Still not clear? Then watch the video:

Well, I hope you understand that there is quite real way secure key exchange. But please note that it is not yet possible to call this algorithm an asymmetric cipher, since in essence it is just a key exchange algorithm.

Asymmetric encryption

an asymmetric algorithm assumes the presence of two keys - public and private. That is, the message is encrypted with a public key and decrypted with a private key and nothing else. Actually, it was this concept that Diffie formulated.

In general, the essence of this algorithm is that the receiving side, before receiving the message, generates a pair of keys based on the modular arithmetic algorithm (the principle is the same as in the Diffie-Hellman algorithm), the actual private and public key. Before sending, the sender receives a public key and encrypts the message with this key, after which this message can only be decrypted with a private key, which is kept secret by the receiving party.


If we return to the analogy with locks, then public key encryption can be thought of as follows:

Anyone can lock a lock by simply clicking it until it closes, but only someone who has the key can unlock it. Locking a lock (encryption) is easy, almost everyone can do it, but only the owner of the key can open it (decryption). Understanding how to latch a lock so it closes won't tell you how to unlock it.

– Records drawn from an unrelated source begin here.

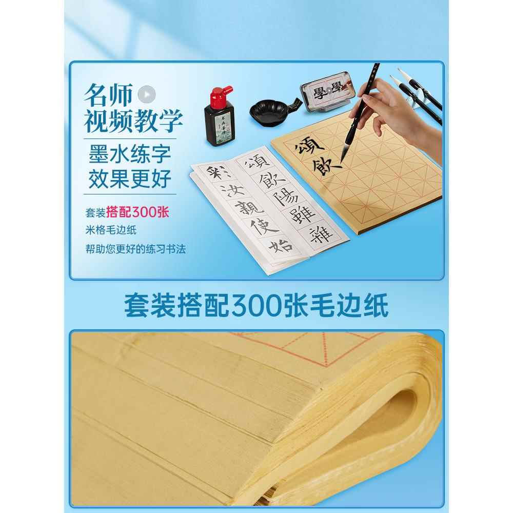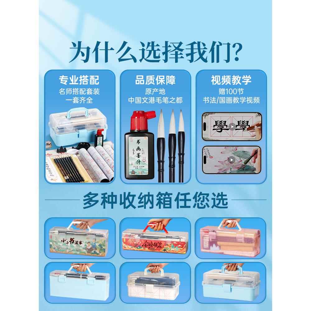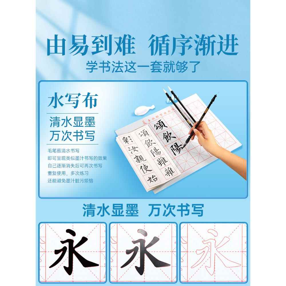 毛笔书法初学专用三年级小学生初学者套装儿童毛笔字入门练字练习水写布文房四宝笔墨纸砚全套软笔工具收纳盒
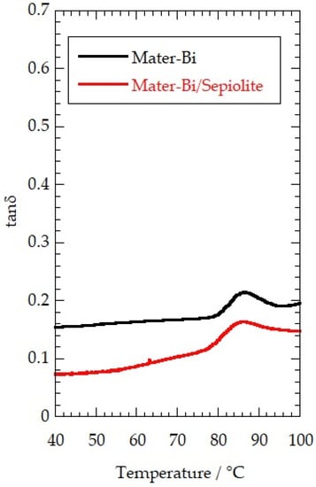 Figure 2. Dependence of tanδ on the temperature of Mater-Bi and Mater-Bi/sepiolite. The nanoclay content of the bio-nanocomposite was fixed at 30 wt %.
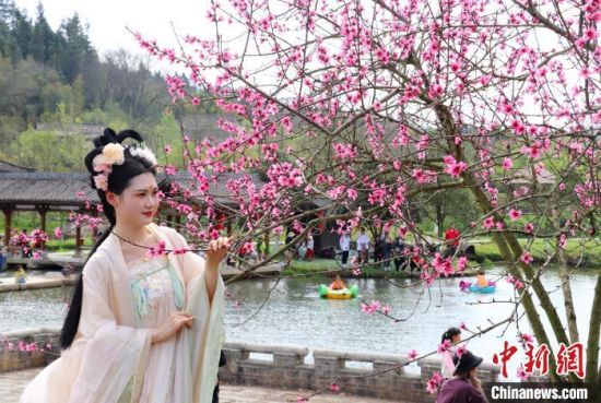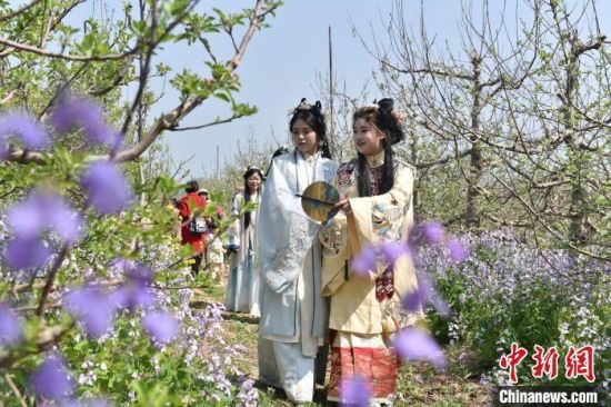 资料图:游客身穿汉服踏青赏花。高雷 摄
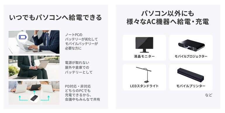 ACコンセントプラグを直接挿せる最大85WのAC出力ポートを搭載し、ノートパソコンへ給電できる。さらにUSB PD最大65W出力対応なので、付属のType-CケーブルでType-C充電対応パソコンへの給電も可能だ。
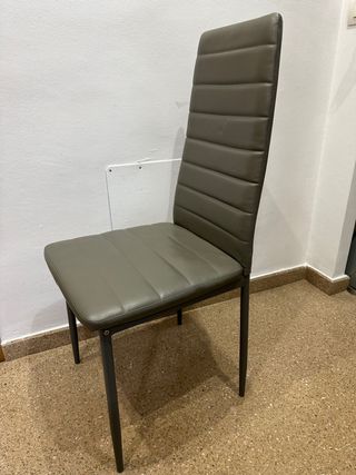 Se venden dos sillas de diseño. Son de metal, color plateado, y tienen un estilo elegante y minimalista. - Ideales para una cocina o barra de bar. - Se encuentran en buen estado, con señales normales de uso. - Se venden juntas.
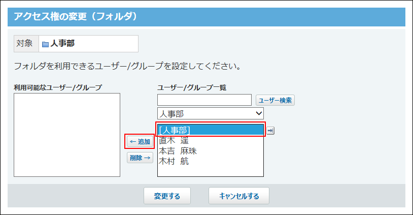 画面右側のドロップダウンリストから「人事部」を選択し、追加をクリックします。
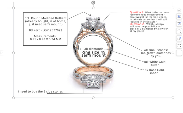$834 for this ring without 3ct round center and 2 pieces 3mm princess center stones, with no bigger than 2.5mm round lab grown diamond accents in 18K rose gold inner shank and 18K white gold inner outer shank. Size 4.75
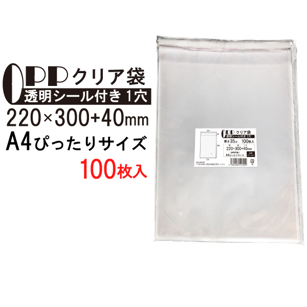 - OPP クリア袋 A4ぴったりサイズ テープ付き 220mm×300mm+40mm 100枚 35μ フレームシール加工 空気穴付き 透明封筒
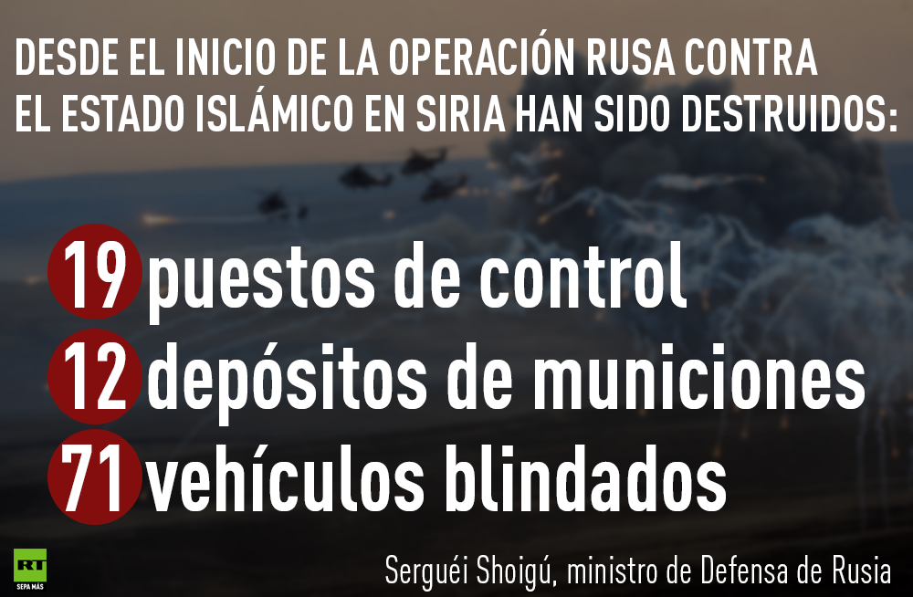 Entre los últimos avances en materia del operativo ruso contra el Estado Islámico en Siria, que comenzó con los ataques aéreos el pasado 30 de septiembre tras la solicitud del gobierno de Bashar al Assad, se pueden destacar los siguientes.

A deeper analogy can be drawn.

Imagine that Alice is designing a lock and key. She vigilantly guards the key, but at the same time makes thousands of duplicate locks and sends them to post offices around the world. If Bob wants to send a message, he puts it in a box, goes to the local post office, asks for an "Alice lock" and locks the box with it. Now he will no longer be able to open the box, but when Alice receives the box, she will be able to open it with her only key.

Putting a lock and clicking it to close is equivalent to a shared key for encryption, since everyone has access to the locks and everyone can use the lock to lock the message in the box. The key to the lock is equivalent to the secret decryption key because only Alice has it, only she can open the lock, and only she can access the message in the box.

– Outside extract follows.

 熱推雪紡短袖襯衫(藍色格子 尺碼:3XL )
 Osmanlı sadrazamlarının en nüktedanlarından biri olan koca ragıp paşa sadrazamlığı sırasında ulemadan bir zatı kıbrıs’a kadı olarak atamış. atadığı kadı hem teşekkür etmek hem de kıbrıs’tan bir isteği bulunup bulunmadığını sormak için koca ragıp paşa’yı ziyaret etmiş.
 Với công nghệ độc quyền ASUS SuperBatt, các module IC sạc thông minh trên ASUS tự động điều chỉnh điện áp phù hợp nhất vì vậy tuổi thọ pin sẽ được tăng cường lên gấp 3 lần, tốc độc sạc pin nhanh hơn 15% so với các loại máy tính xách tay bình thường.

There are several algorithms that implement asymmetric encryption. The most famous of them is RSA. I don’t see the point in describing it, since I still won’t be able to understand how it works right away, and I still won’t be able to write it better than what’s written on Wikipedia.

Conclusion

Well, I hope that, having understood how asymmetric encryption works from the inside, you will begin to trust it more and, accordingly, use SSL more often =)

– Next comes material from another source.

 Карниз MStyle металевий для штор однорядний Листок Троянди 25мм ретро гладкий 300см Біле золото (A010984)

Materials were used from the book Singh Simon - Book of Codes. By the way, the best book for those who want to understand at least a little about cryptography. I advise everyone to read it.

1. tv

   Selecting such a key will take you a lot of time. Little more than the universe exists. Even on very powerful computers.

2. Igor

   What is this nonsense with public keys for? Symmetrical ones are more reliable.
   Good afternoon
   Good site, the material is clearly presented, many thanks to the author. I came here by accident in September, when I was looking for information on practical encryption.
   I am writing because I want to ask: Anyone want to know how to find numbers for symmetric encryption? I can teach you how to quickly check the number P for primality (without searching for the number g) - but this is unlikely to be interesting. The most interesting:
   Find the number P of any length and the number g to it. I don’t use any 2 to the power of n plus one (or minus one). Naturally, it's free. There is even a website where I posted my work.